By Melodie Caruso
A recent proclamation by Pope Benedict XVI adds a new layer to the complex dialogue of church and state separation or convergence.
The Pope caused a commotion by threatening to deny communion to politicians who pass laws against Roman Catholic doctrine. Imagine a nation’s leader banned from receiving a sacrament because of upholding minority rights.
While Prime Minister Paul Martin stood firm on his government’s decision to support same-sex marriage, the Vatican’s meddling highlights the need to keep matters of faith distinct from the affairs of the state.
The division is necessary now, more than ever. If church and state were one, citizens may not have certain rights they hold now, including the right to freedom of thought, belief, opinion and expression, including freedom of the press. Succinctly, religious dogma would challenge the fundamentals of democracy.
The Canadian Constitution, which enshrines the human rights of all citizens, is being twisted to undermine the principles it is supposed to uphold. The Constitution declares each individual has the right to religious freedom. This allows one to practise any faith they believe in without state interference. But what about religious interference as some fundamentalists support religion-based legal tribunals that try to dictate public policy?
A threat to the Canadian secular state came to fruition in October of 2003 as Islamic leaders attempted to introduce Shariah law in Ontario. The proposedcourt would handle complaints and disputes between Muslims, but would respect the precedence of Canadian civil law.
Both parties would have to consent to the ruling given by Shariah courts in order to make the decision legally binding. However logical this sounds, the threat made by some Islamic leaders that Muslims who do not follow this law would be considered “non-Muslims” infringes on freedom of conscience and religion.
An organizer of the International Campaign Against Shariah Law, Homa Arjomand,says Canada became a testing ground for the Shariah movement. Islamic leaders saw an opportunity to infiltrate because of the country’s growing number of Muslims and a provincial act that created the possibility for an arbitration court to set up lawfully.
“Canadian multiculturalism gave them the ability to organize under the name of freedom of expression,” Arjomand says. “The 1991 Arbitration Act gave them the room to penetrate.”
Immediately after Shariah was introduced, a fear arose. Politicians and citizens became aware that the lack of adherence to universal human rights demonstrated by Shariah courts elsewhere in the world could occur in Canada, in essence destabilizing the Canadian justice system.
This Sept.11, Premier Dalton McGuinty ended the debate about Shariah in Ontario. The provincial government would no longer allow religious arbitration courts. What many people may not realize is that the ruling also extended to other arbitration courts already in existence.
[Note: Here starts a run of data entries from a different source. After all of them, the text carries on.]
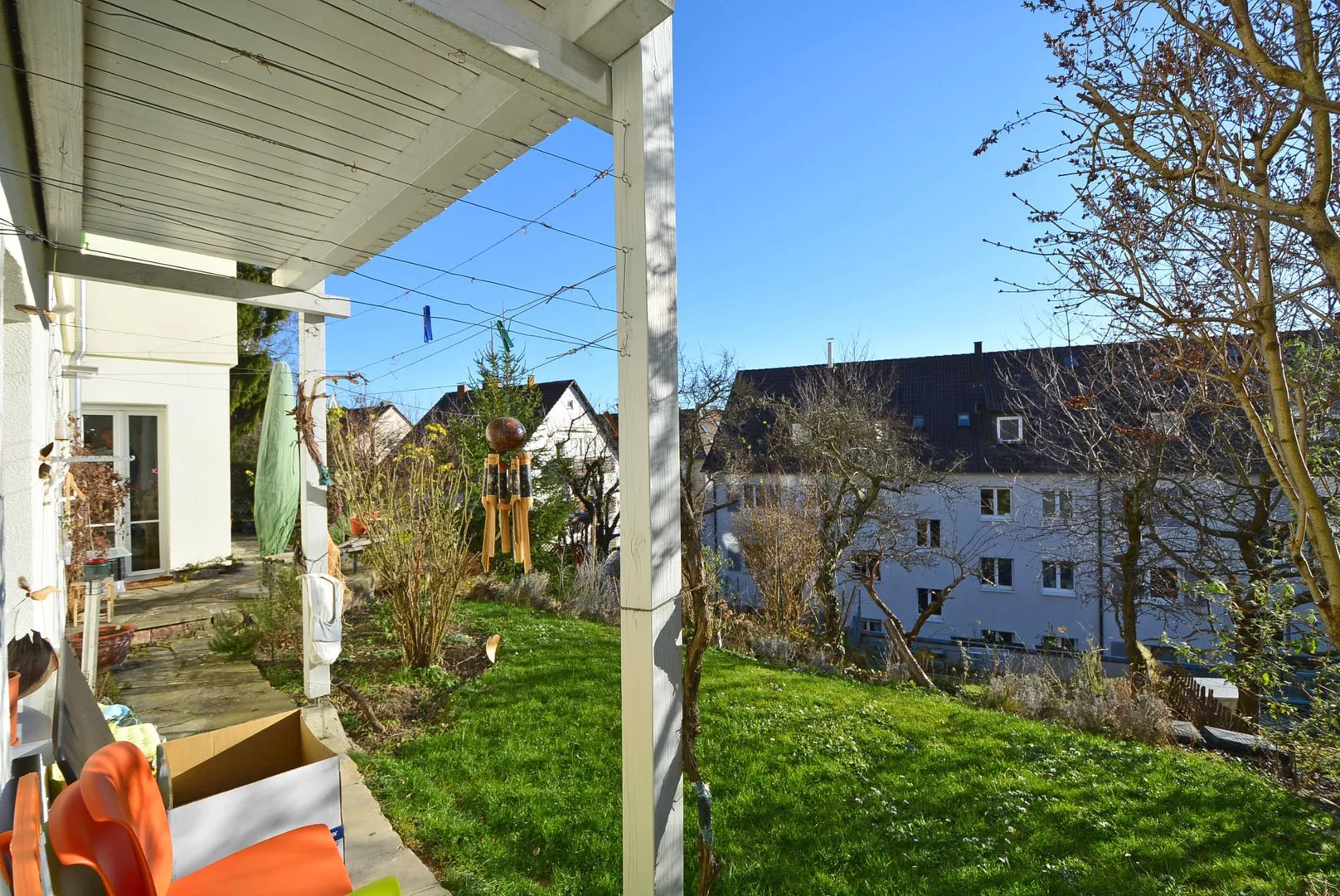 Vom Wohnzimmer und von der Küche gelangen Sie nach Außen.
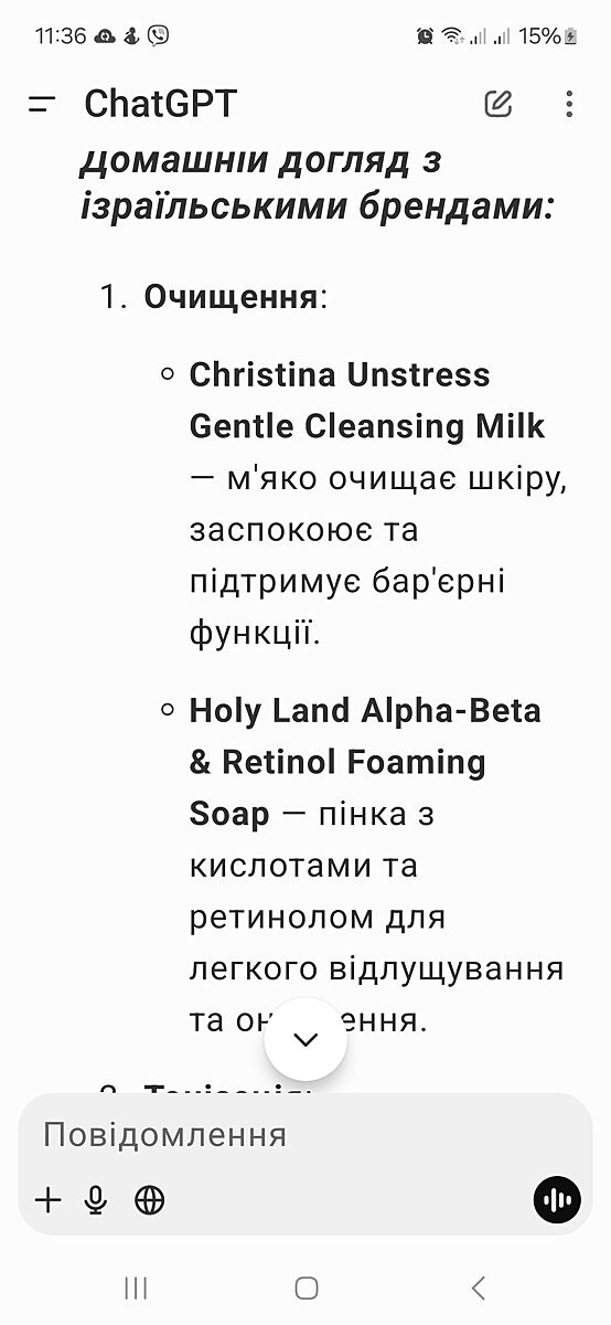 Спочатку розписав мені догляд майже весь аптечна косметика. Попросила професійну - написав валмонт і т.д. Потім попросила Ізраїль і доглядові в косметолога. Так все конкретно розписав, що коли і як. Просто частина з приклвду на скріні.
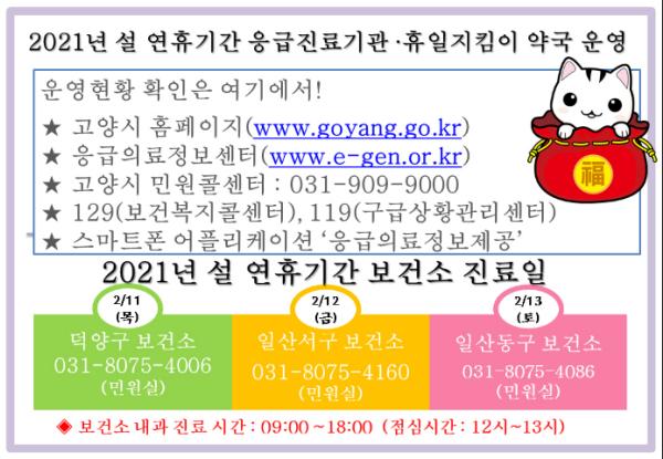 또한 설 연휴기간 중에는, 보건소와 고양시민원콜센터, 구급상황관리센터, 129보건복지콜센터를 통해 문 여는 의료기관 및 약국 운영 여부와 구급차 출동, 코로나19 선별진료소 등에 대한 신속한 안내를 받을 수 있다.
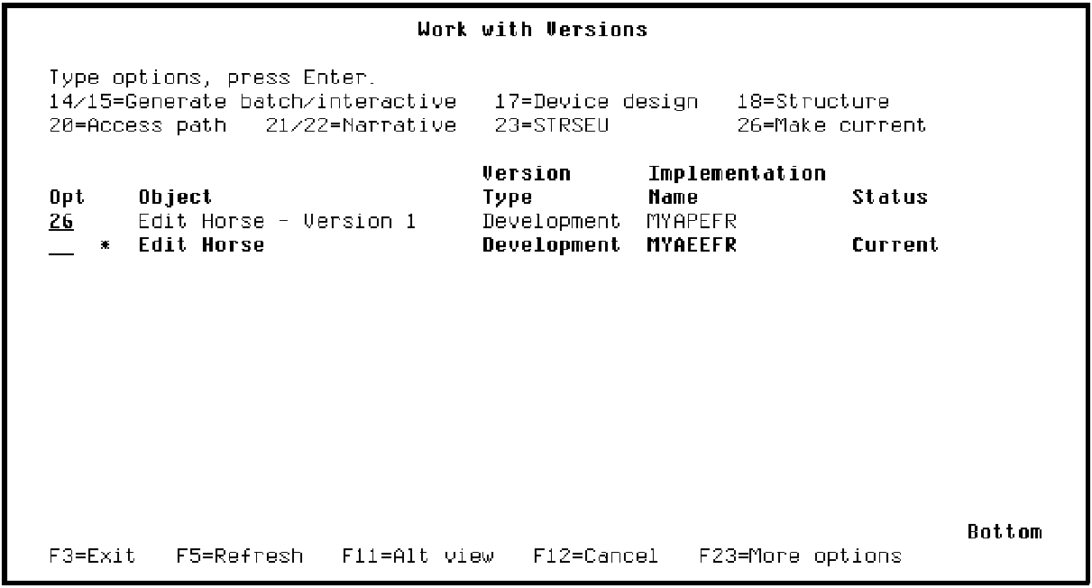 On the Work with Version panel, press F23 to view additional options. The appropriate option is 26, Make current. Type 26 in the Subfile selector for Edit Horse - Version 1.
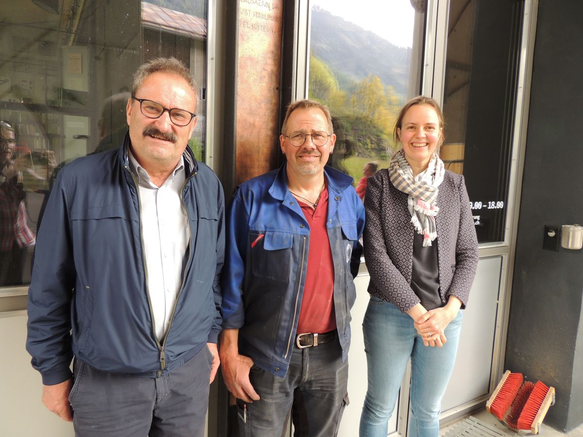 Victor Peer, Thomas Lampert e Martina Schlapbach (da schnestra) pro la surdatta dal premi d’innovaziun (fotografia: Benedict Stecher).
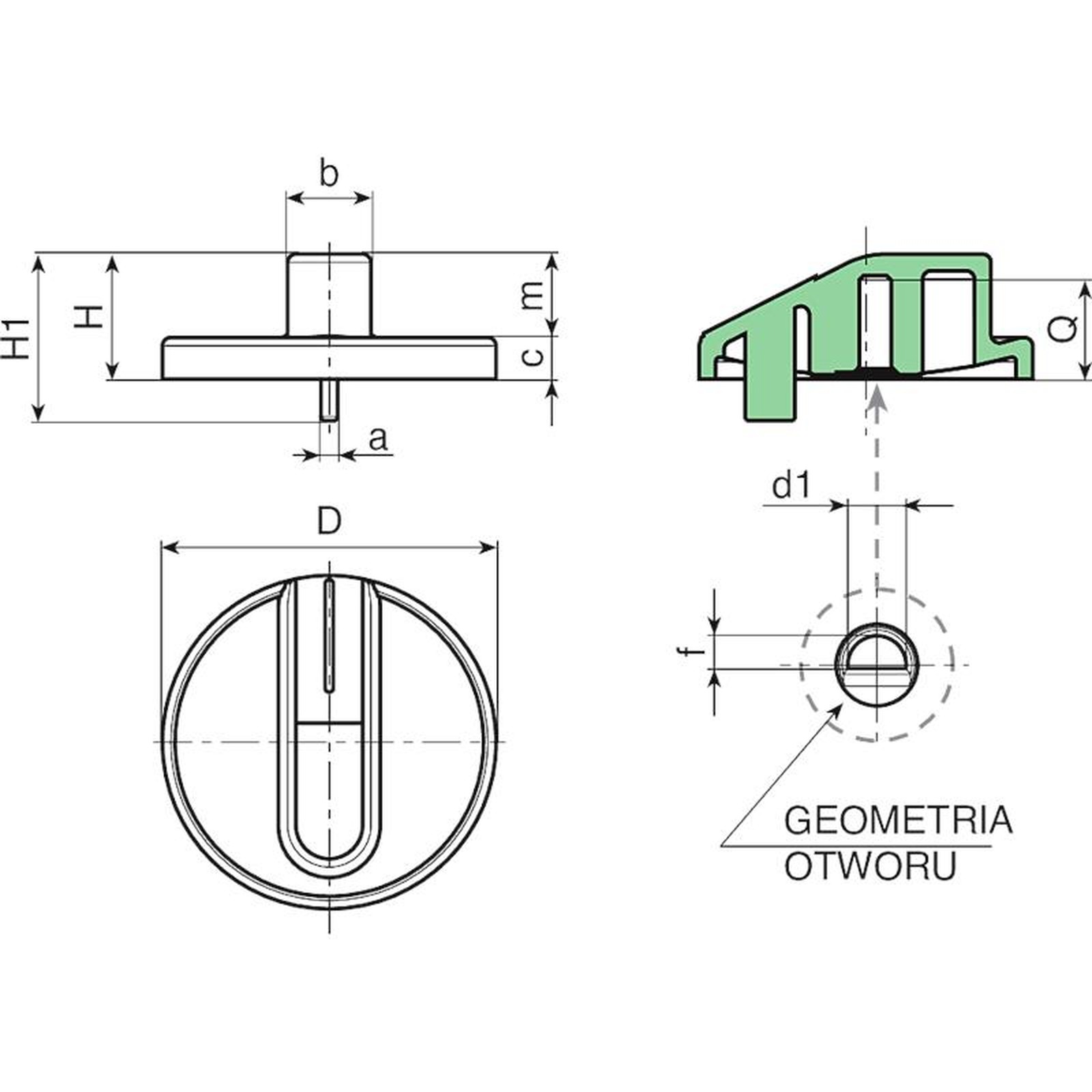 | Kod | art. | D | H | H1 | a | b | c | m | f | d1 | Q | Waga (g) |

Little debate has occurred about Jewish or Catholic tribunals that have practised family law since 1991. Essentially these courts work in the same manner as the proposed Shariah courts, where both parties must consent to the ruling for it to be recognized in civil law.
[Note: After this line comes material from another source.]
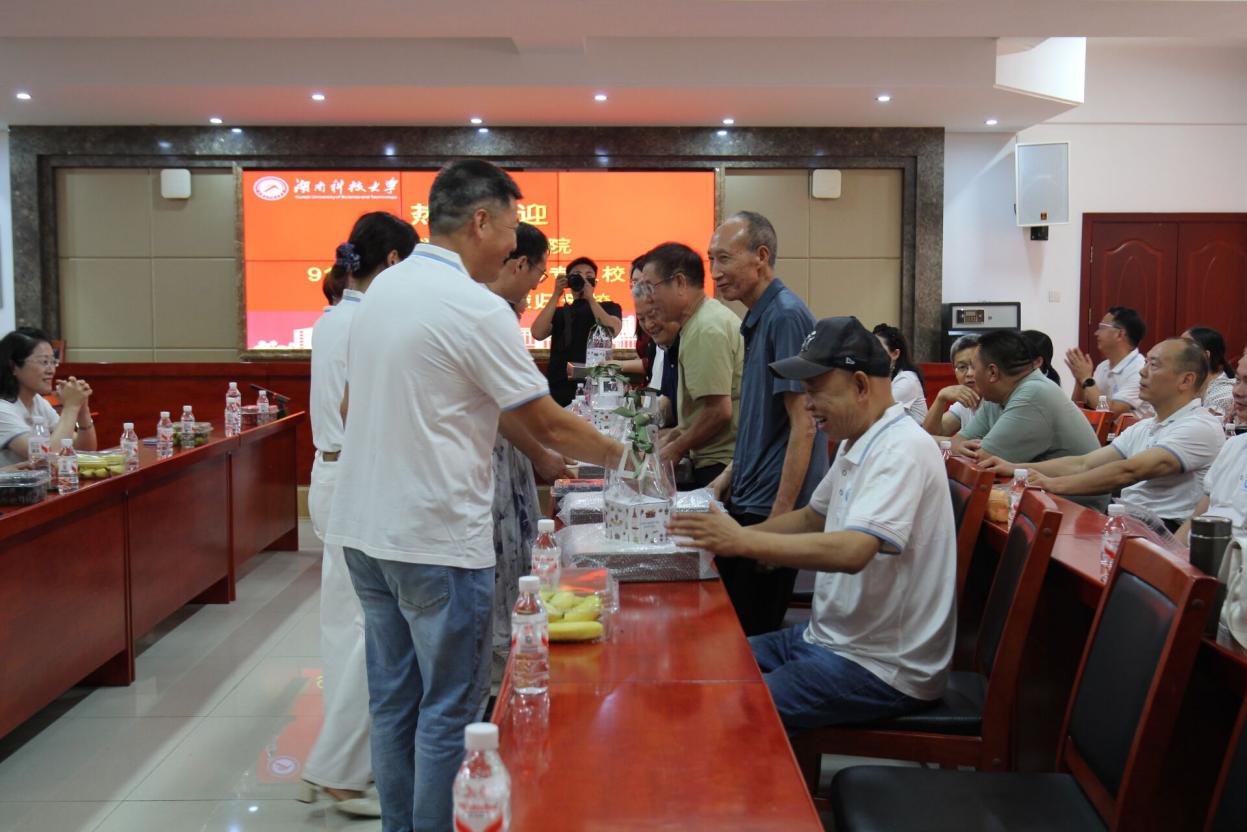 座谈会期间,校友代表代表全体返校校友,向到场的教师代表献上精心准备的礼物,以此表达对昔日恩师多年教诲的深深感激与崇高敬意。面对阔别多年的学子,在场教师们感慨万千,与校友们亲切交谈、共忆往昔,现场氛围温馨浓厚,动人至深。

These examples question how politicians allowed the system to evolve in this direction, moreover, how do they plan to get it back on course?
Sentencing circles have allowed indigenous people to settle their own disputes within Canada for years. The practice began in Saskatchewan, Manitoba and the Yukon, eventually making its way to the United States.It developed to strengthen Canada’s native people by lawfully blending the formal justice system and community cultural practices.
Justin Trottier of the Secular Alliance, based out of the University of Toronto, explains how the Canadian political and law system have been “balkanized.” He explains that the attempt to accommodate various beliefs and traditions has simultaneously deteriorated the fabric of the country.
“Most Canadians identify and protest against multi-tier systems like health care,” Trottier says. A two-tier health system would go against what the majority of Canadians believe. He explains that Canadians, to protect and preserve their national identity, need to purview the law and political landscape through the same lenses. “We need one strong state, one-tier system,” says Trottier.
Chris Neve, secretary general of Amnesty International, wrote in a letter to Ontario Attorney-General Michael Bryant, “Parallel alternative legal mechanisms may in some context help strengthen and protect fundamental human rights of particular sectors of society.
Specifically Neve was speaking of sentencing circles in indigenous communities. But Neve also acknowledges that, “Muslim, Jewish, and Christian legal codes applied under the 1991 Arbitration Act cannot ensure non-discriminatory treatment.”
This presents a potential problem for policymakers; how does one embrace diversity while rejecting tolerance of other cultural practices?
As the government prepares to open immigration laws further, cultural diversity will only increase. However, it is the responsibility of each immigrating individual to adopt the set of beliefs and values of their new home. Canada cannot be a testing ground for actions and ideology that put in jeopardy fundamental rights of all people, even if those people are a minority.
The ruling by McGuinty did not end the issue of religious arbitration in Canada. Instead, a very real head-on collision between religious and secular, church and state is approaching.
Ensuring the Canadian system remains free of religious influence is a complex task made murky by inconsistent laws. Citizens need to defend Canada and legislators who promote and protect the secular state.
Some sacrifices on cultural freedoms must be made, but they are necessary for the greater good.